Лучшая поэзия была сначала опытом: но мысль претерпела трансформацию с тех пор, как была опытом. Культурные люди часто достигают хорошей степени мастерства в написании стихов; но легко прочитать через их стихи их личную историю; любой, знакомый с партиями, может назвать каждую фигуру: это Эндрю, а это Рэйчел. Смысл, таким образом, остается прозаическим. Это гусеница с крыльями, а не еще бабочка. В уме поэта факт полностью перешел в новый элемент мысли и потерял все, что является сброшенной кожей. Эта щедрость остается с Шекспиром.
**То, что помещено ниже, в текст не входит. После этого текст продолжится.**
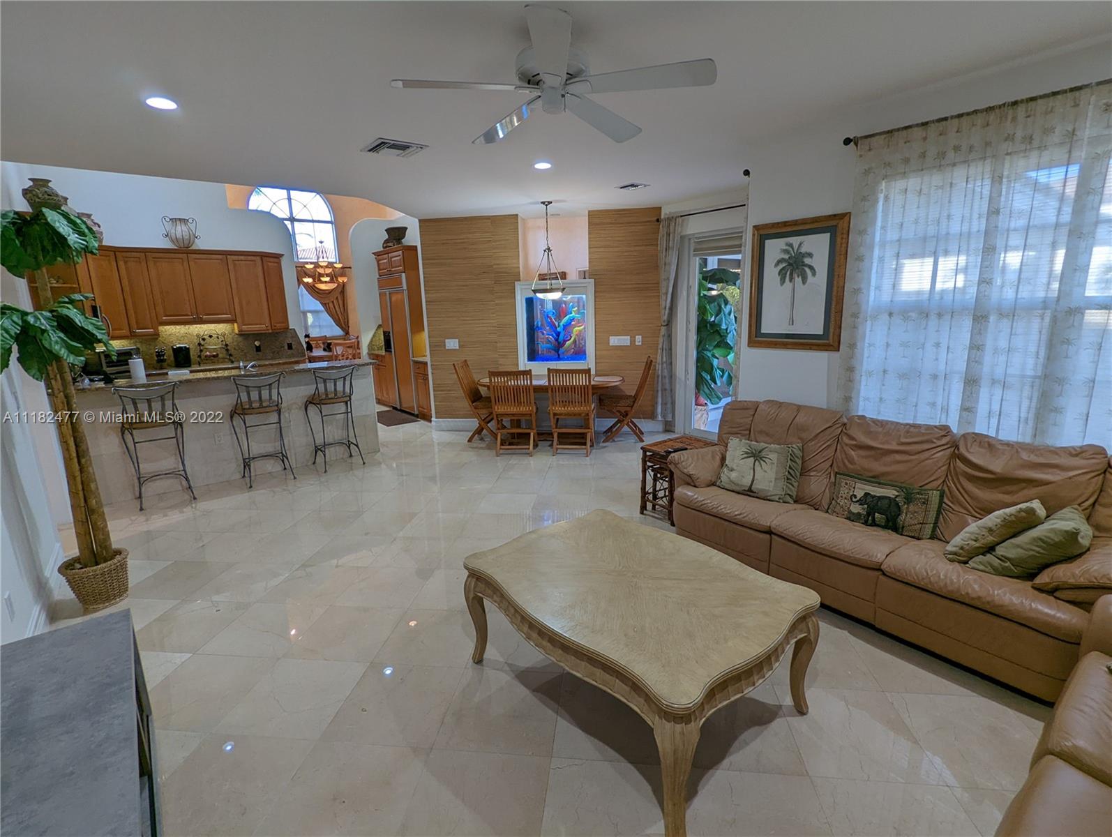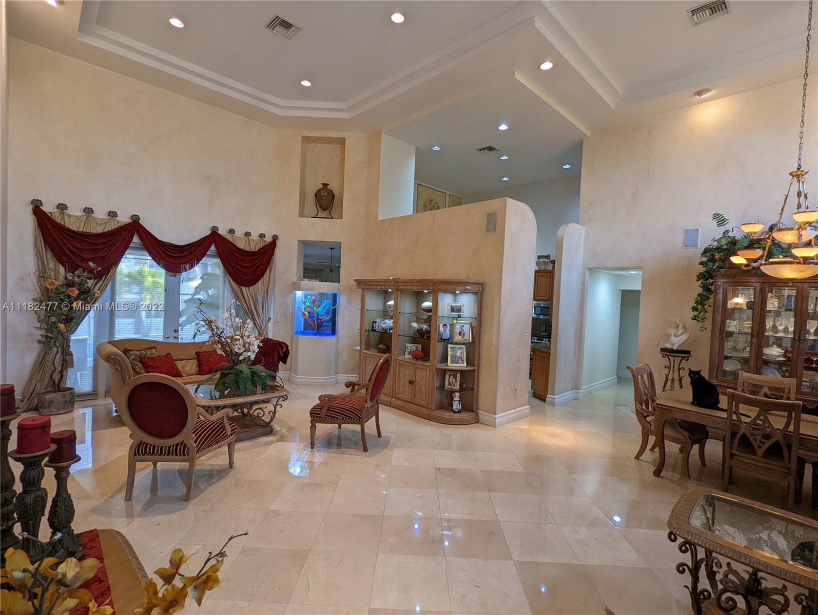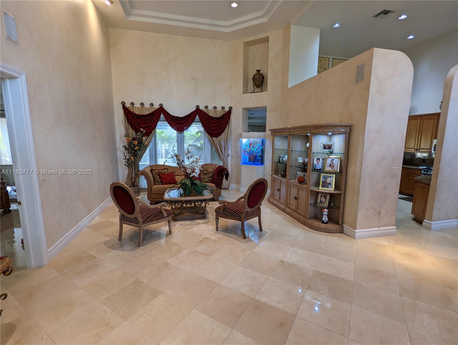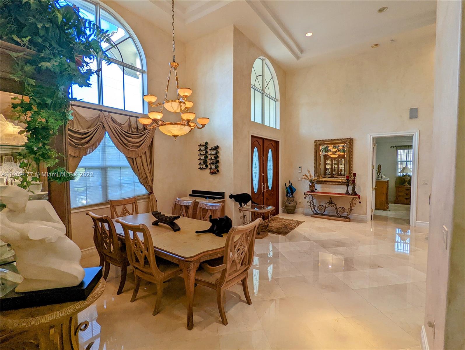 Beautiful 5/4, waterfront, ocean access home in guard-gated Eastern Shores. Dock for 80 foot yacht. Modern home with luxurious high ceilings, marble floors, granite counters, 100% hurricane impact windows, 4 AC zones, heated pool, spa, Google smart home & so much more. This house was built to modern hurricane standards with high strength roof system. The master suite is downstairs, with 2 more bedrooms downstairs and 2 more bedrooms upstairs. No fixed bridges to the ocean and this location is a very secure spot for your yacht. Includes a Waverunner elevator lift. This home is located at the private cul-de-sac at the end of 164th ST. There are only 128 homes inside this guard gate so it is a very private and secure home for your family.

Мы говорим, исходя из правдивости и близости его картин, что он знает урок наизусть. И все же нет ни следа эгоизма.
Еще одна королевская черта должным образом принадлежит поэту. Я имею в виду его жизнерадостность, без которой никто не может быть поэтом — ибо красота — его цель. Он любит добродетель не за ее обязательство, а за ее грацию: он наслаждается миром, мужчиной, женщиной за тот прекрасный свет, который исходит от них. Красоту, дух радости и веселья, он изливает на вселенную. Эпикур сообщает, что поэзия обладает такими чарами, что любовник мог бы оставить свою возлюбленную, чтобы приобщиться к ним. И истинные барды были известны своим твердым и веселым нравом. Гомер лежит в солнечном свете; Чосер радостен и прямодушен; и Саади говорит: «Ходили слухи, что я раскаялся; но какое мне дело до раскаяния?» Не менее суверенен и весел — гораздо более суверенен и весел тон Шекспира. Его имя внушает радость и освобождение сердцам людей. Если бы он появился в любой компании человеческих душ, кто не пошел бы в его отряде? Он не касается ничего, что не заимствует здоровье и долголетие из его праздничного стиля.